WWBG (1470 AM) is an American radio station licensed to serve Greensboro, North Carolina, United States.  The station, launched in 1999, is currently owned by Richard Miller's Twin City Broadcasting Co LLC.

WWBG broadcasts a classic hits music format to the Greensboro/High Point area, simulcast from co-owned WTOB in Winston-Salem.

History of WBIG

The call letters of WWBG are a tribute to the prior occupant of this frequency in Greensboro, WBIG, which broadcast from the city for 60 years. Established in 1925 in Charlotte and moved to Greensboro the next year by founder Wayne M. Nelson, the station became the first broadcasting property of Jefferson-Pilot in 1934 and affiliated with CBS. It continued as the most popular station in Greensboro in decades, though in later years the move of music audiences to FM and the growth of the radio market outside of Greensboro proper put it at a severe disadvantage. Jefferson-Pilot shut the station down on November 20, 1986; the land was sold five years later for the construction of a Lowe's home improvement store.

History of WWBG
On December 9, 1994, Walt Cockerham announced that the former WBIG would return to the air with its old frequency, but the call sign was no longer available. (A station in Aurora, Illinois would adopt the WBIG call sign in 1991.) During the year after WKEW changed from news/talk, Truth Broadcasting bought several stations in the Greensboro area, including the one that would be called WWBG, the call sign that the new station was assigned by the Federal Communications Commission on August 21, 1992. Truth Broadcasting planned to do what WKEW had done. This meant news, talk, sports and community affairs relating to Greensboro. On November 1, 1999, Dunn and Bray returned to 1470 AM. Dunn said, "It's like being home. We've got the old morning crew back together."

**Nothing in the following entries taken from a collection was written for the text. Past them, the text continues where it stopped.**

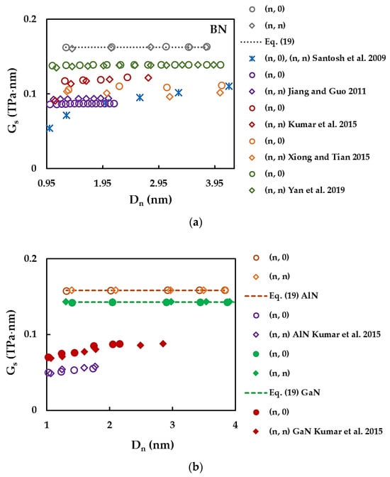 The  results available in the literature are scarce, even for the case of SWBNNTs, and show considerable discrepancy, as seen in Figure 10a,b. Xiong and Tian [], Kumar et al. [], Santosh et al. [], and Yan et al. [] reported shear modulus G values. To enable a comparison, the respective surface shear modulus was calculated by using  for an NT wall thickness of  = 0.330 nm [], 0.333 nm [], and 0.340 nm []. Xiong and Tian [] did not report any  value, so in this case,  = 0.34 nm [] was used.
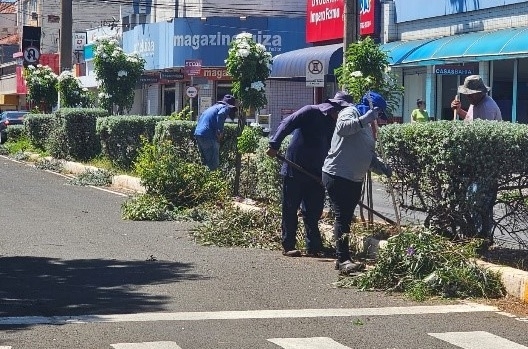 Meio Ambiente e Obras realizam poda ornamental e limpeza na área central
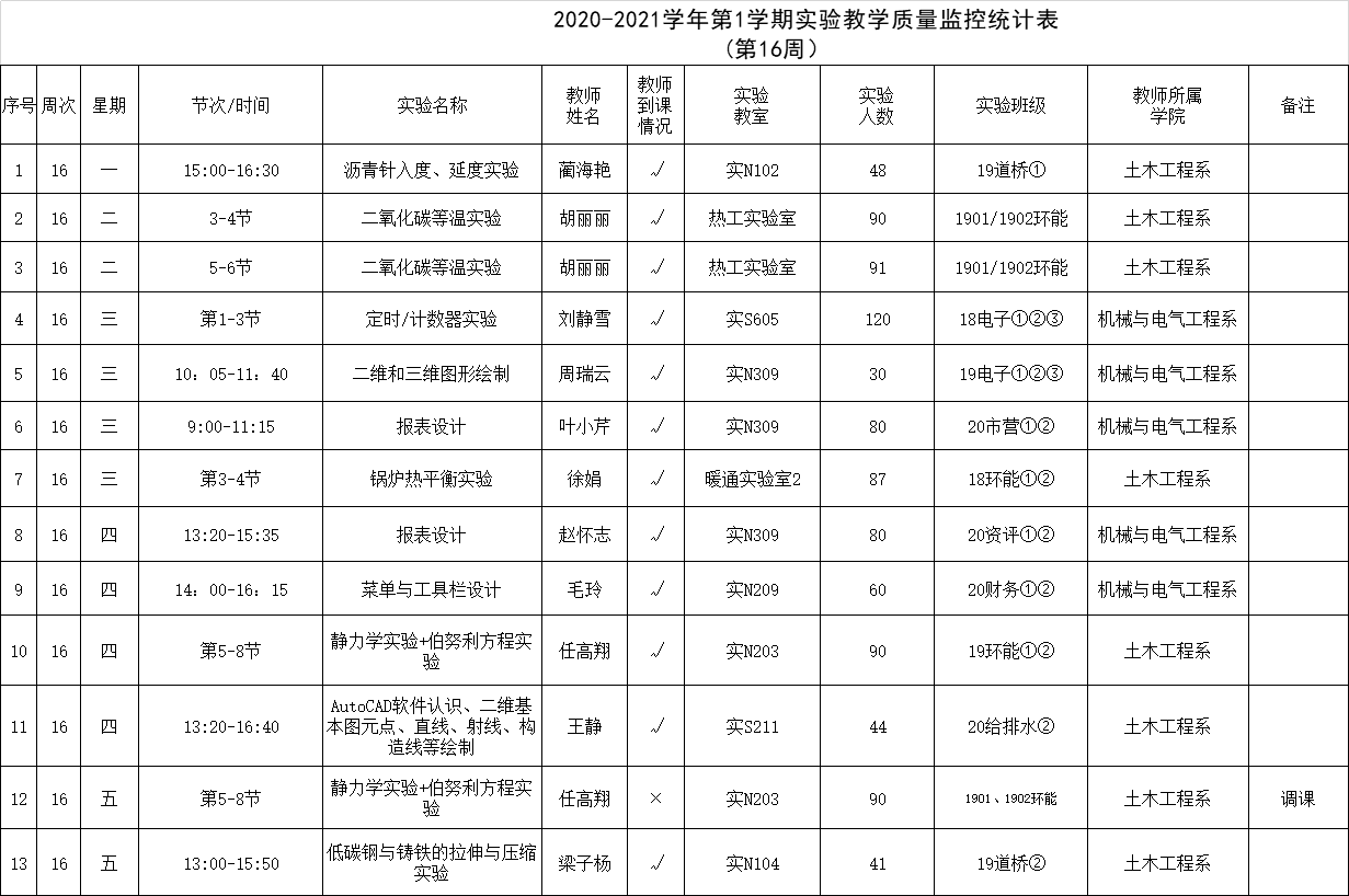 2020-2021学年第1学期第16周实践环节教学质量监控统计表

The news/talk format only lasted until January 1, 2002, because, program director David Albright said, it was not profitable and a number of Spanish-speaking people wanted a radio station of their own. "La Movidita" was already airing on WTOB in Winston-Salem.

In 2003, Truth Broadcasting stopped selling time to La Movidita, which moved to its former home WSGH. Que Pasa moved from WSGH to WWBG and WTOB.

WTOB began airing separate programming in 2013.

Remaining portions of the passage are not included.